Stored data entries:
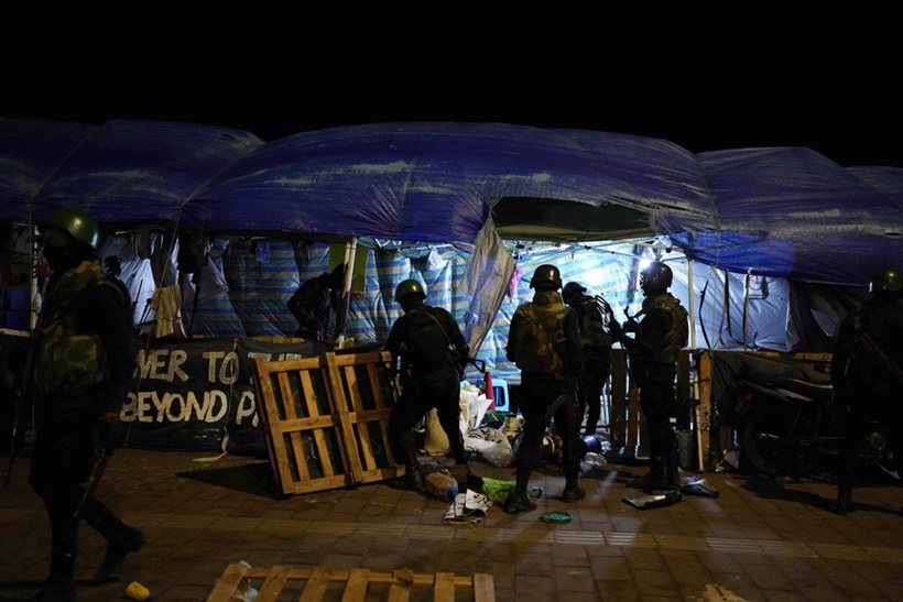 As daylight broke, dozens of troops in riot gear marched through the area and rows of protest tents that stood on both sides of the main road that passes in front of the president's secretariat completely cleared out. (Reuters)
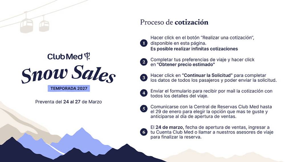 No dudes en acceder a tu Cuenta Club Med para ahorrar tiempo completando el formulario y asegurate hasta un 20% de descuento el día de apertura de ventas. Podras encontrar tu pedido de cotización directamente en tu Cuenta Club Med.
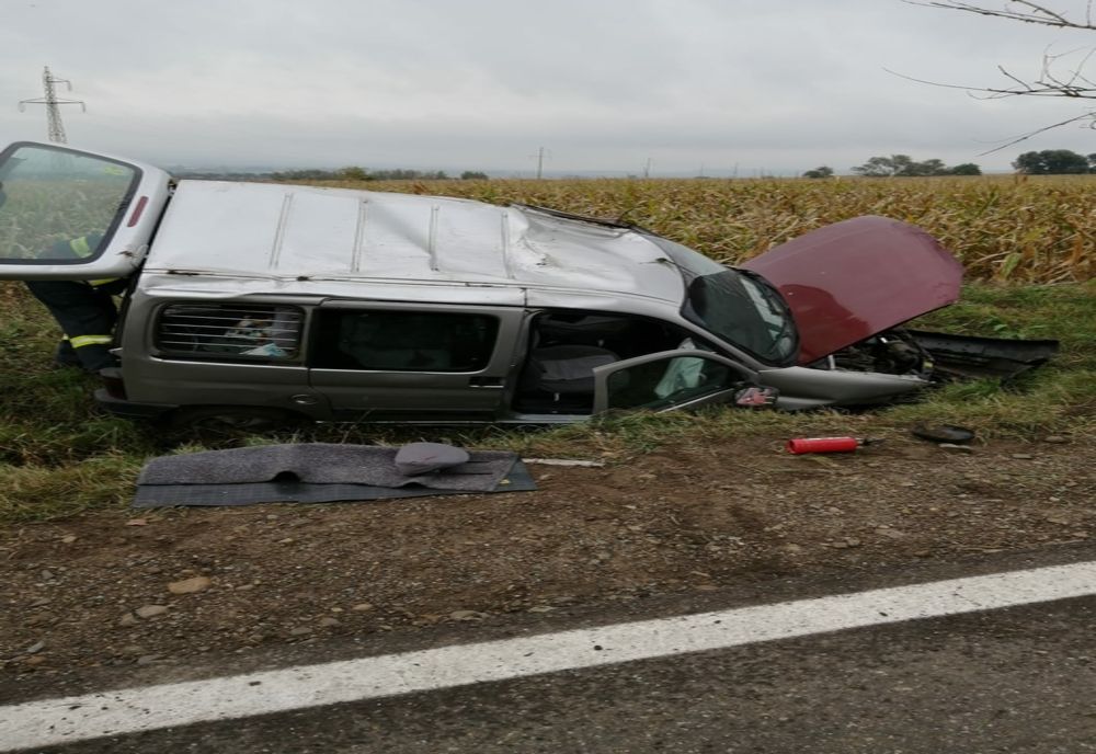 S-a răsturnat cu mașina în șanț (FOTO)
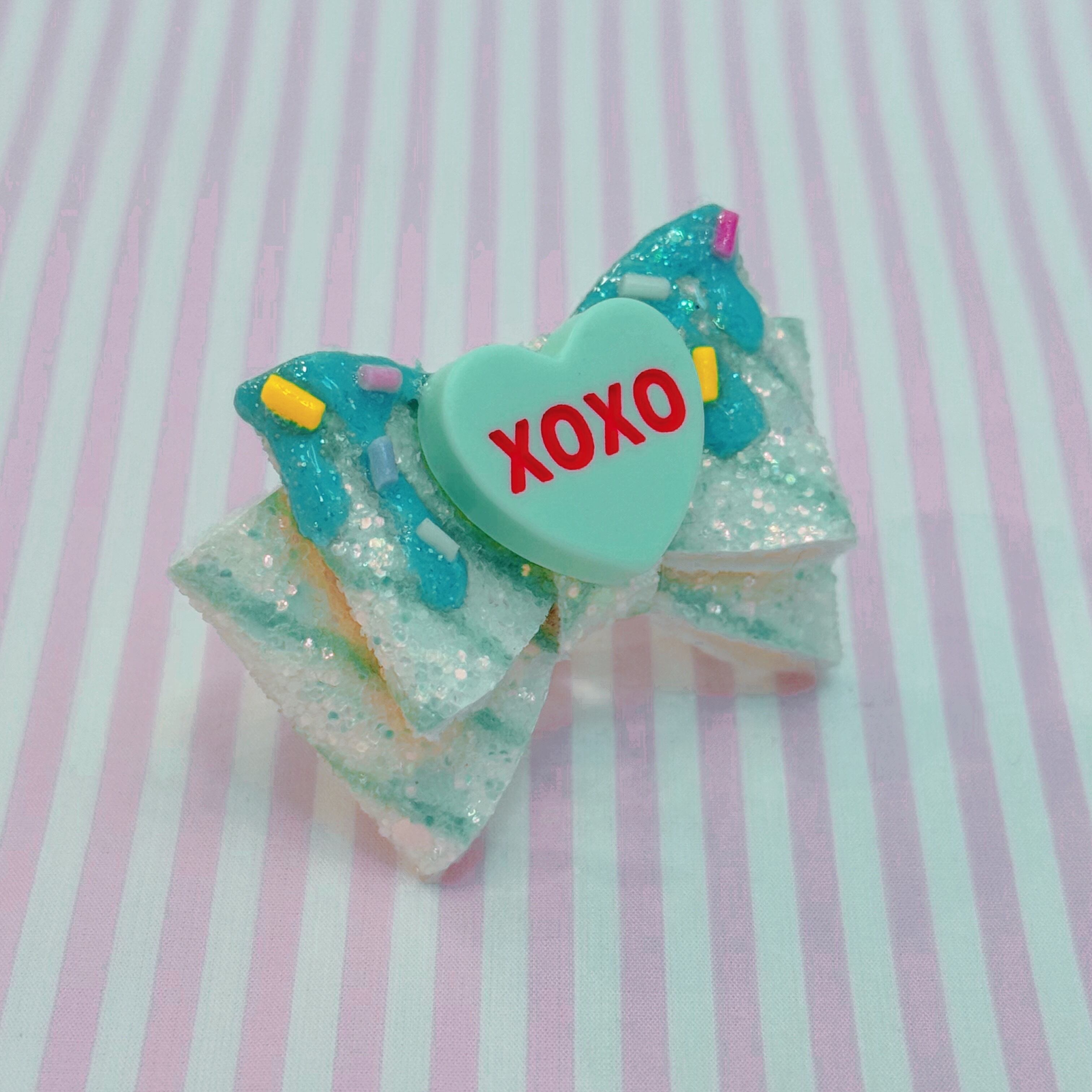 リボンの中央には、シュガーハートのパーツが主役で、「BE MINE」「HUG ME」など、キャンディのメッセージが可愛らしさを引き立てます。
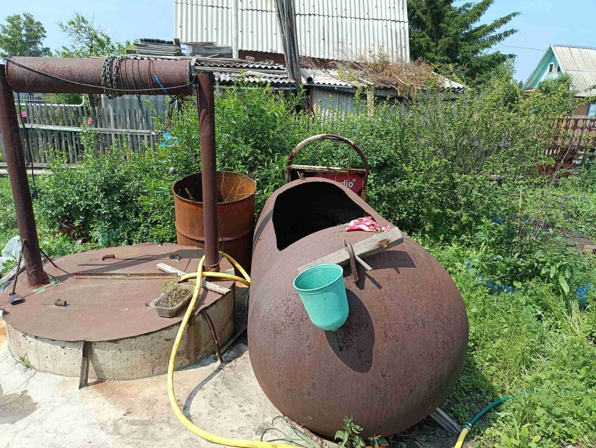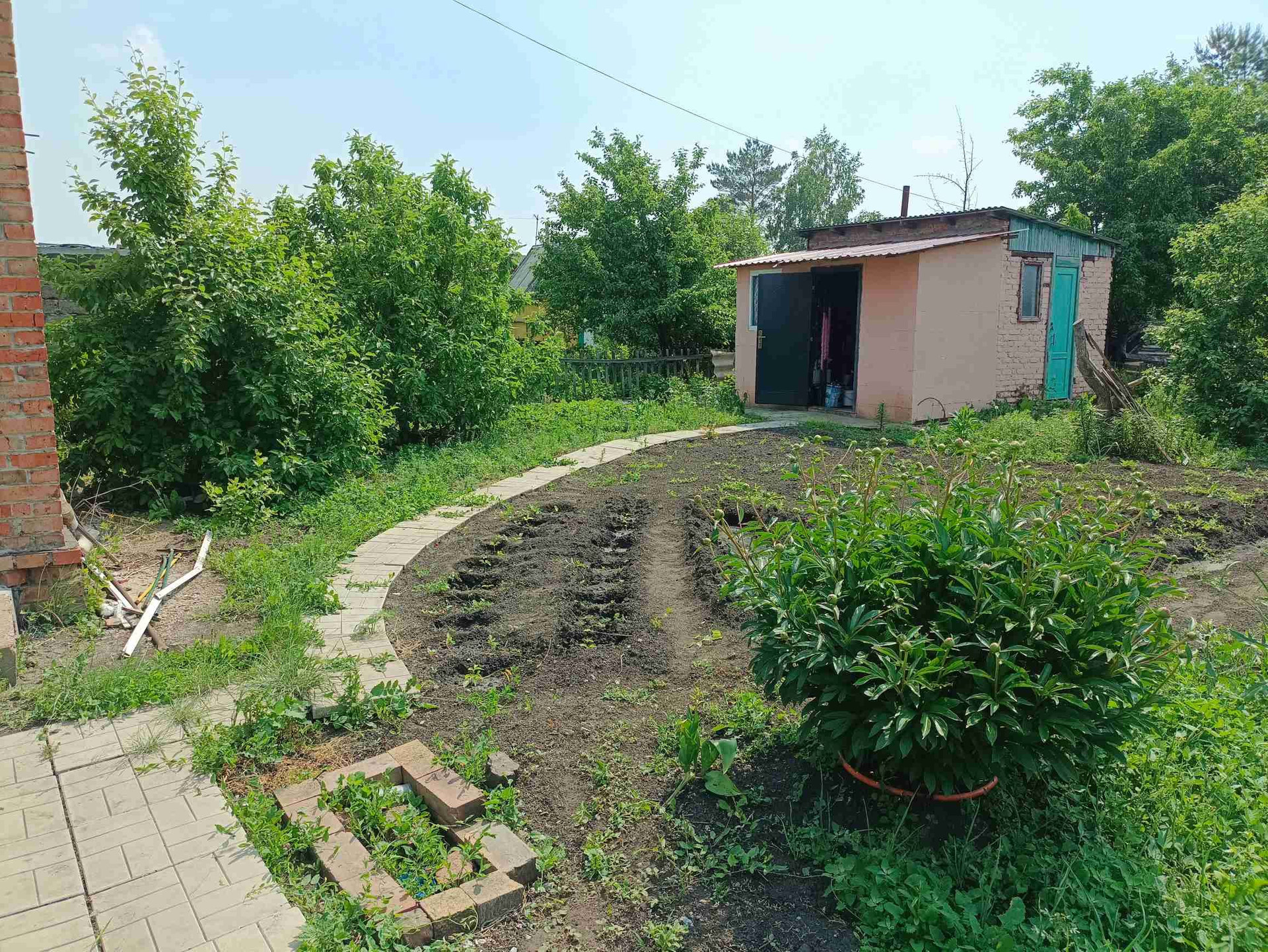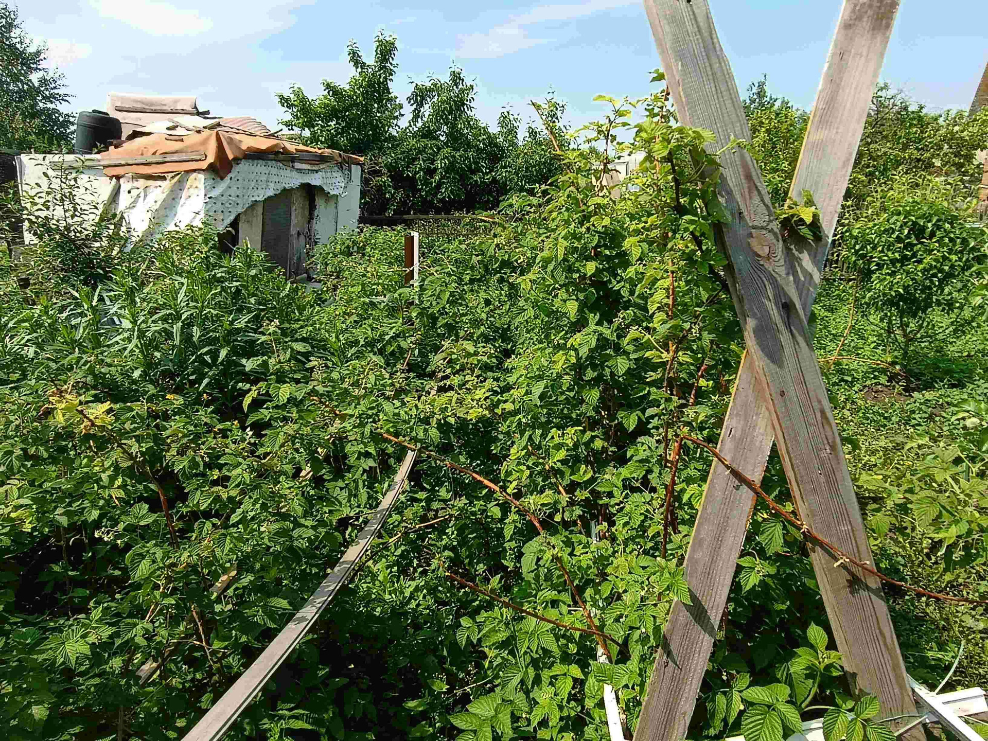 Посадки: вишни, 2- груши, 4- плодоносящие яблони, малина, виктория, калина, боярышник, красная и черная смородина, жимолость.
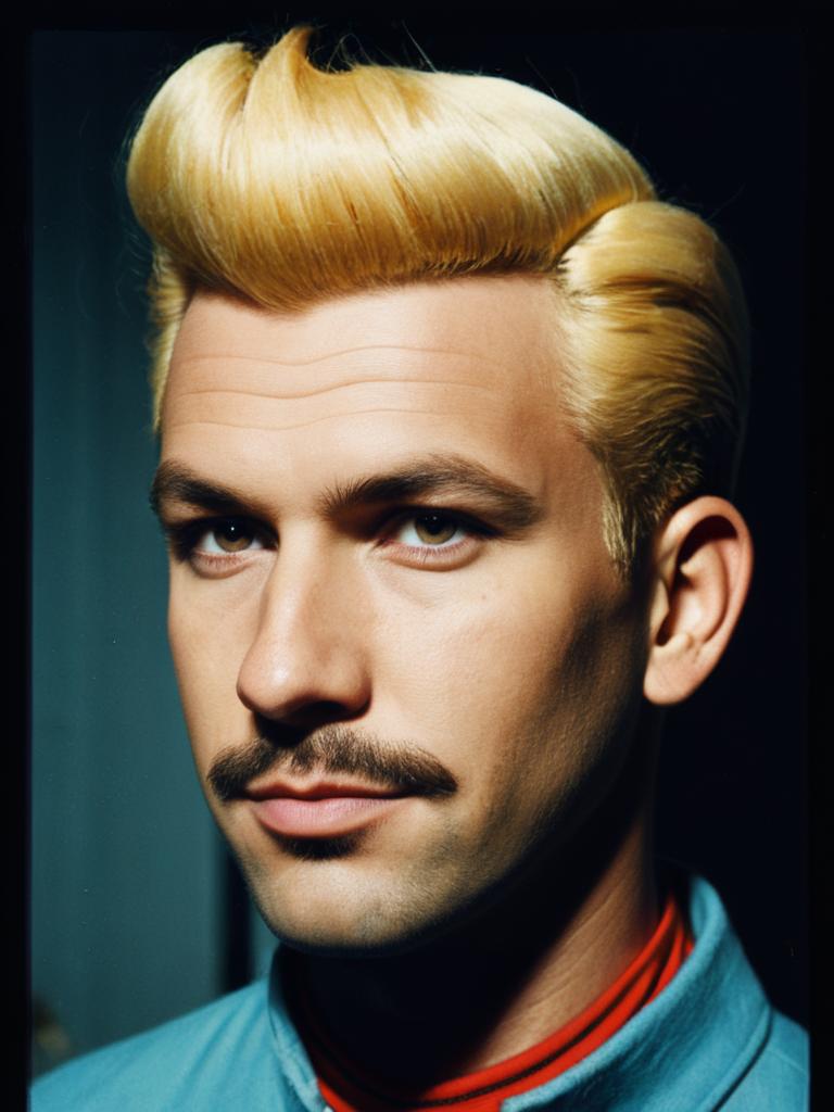Man in Tintin Costume, close-up detailed headshot with quiff hairstyle --sref 1399

### Assignment
Every line above should be transcribed exactly, though no image should be carried over.

### Answer to the exercise
 As daylight broke, dozens of troops in riot gear marched through the area and rows of protest tents that stood on both sides of the main road that passes in front of the president's secretariat completely cleared out. (Reuters)
 No dudes en acceder a tu Cuenta Club Med para ahorrar tiempo completando el formulario y asegurate hasta un 20% de descuento el día de apertura de ventas. Podras encontrar tu pedido de cotización directamente en tu Cuenta Club Med.
 S-a răsturnat cu mașina în șanț (FOTO)
 リボンの中央には、シュガーハートのパーツが主役で、「BE MINE」「HUG ME」など、キャンディのメッセージが可愛らしさを引き立てます。
 Посадки: вишни, 2- груши, 4- плодоносящие яблони, малина, виктория, калина, боярышник, красная и черная смородина, жимолость.
Man in Tintin Costume, close-up detailed headshot with quiff hairstyle --sref 1399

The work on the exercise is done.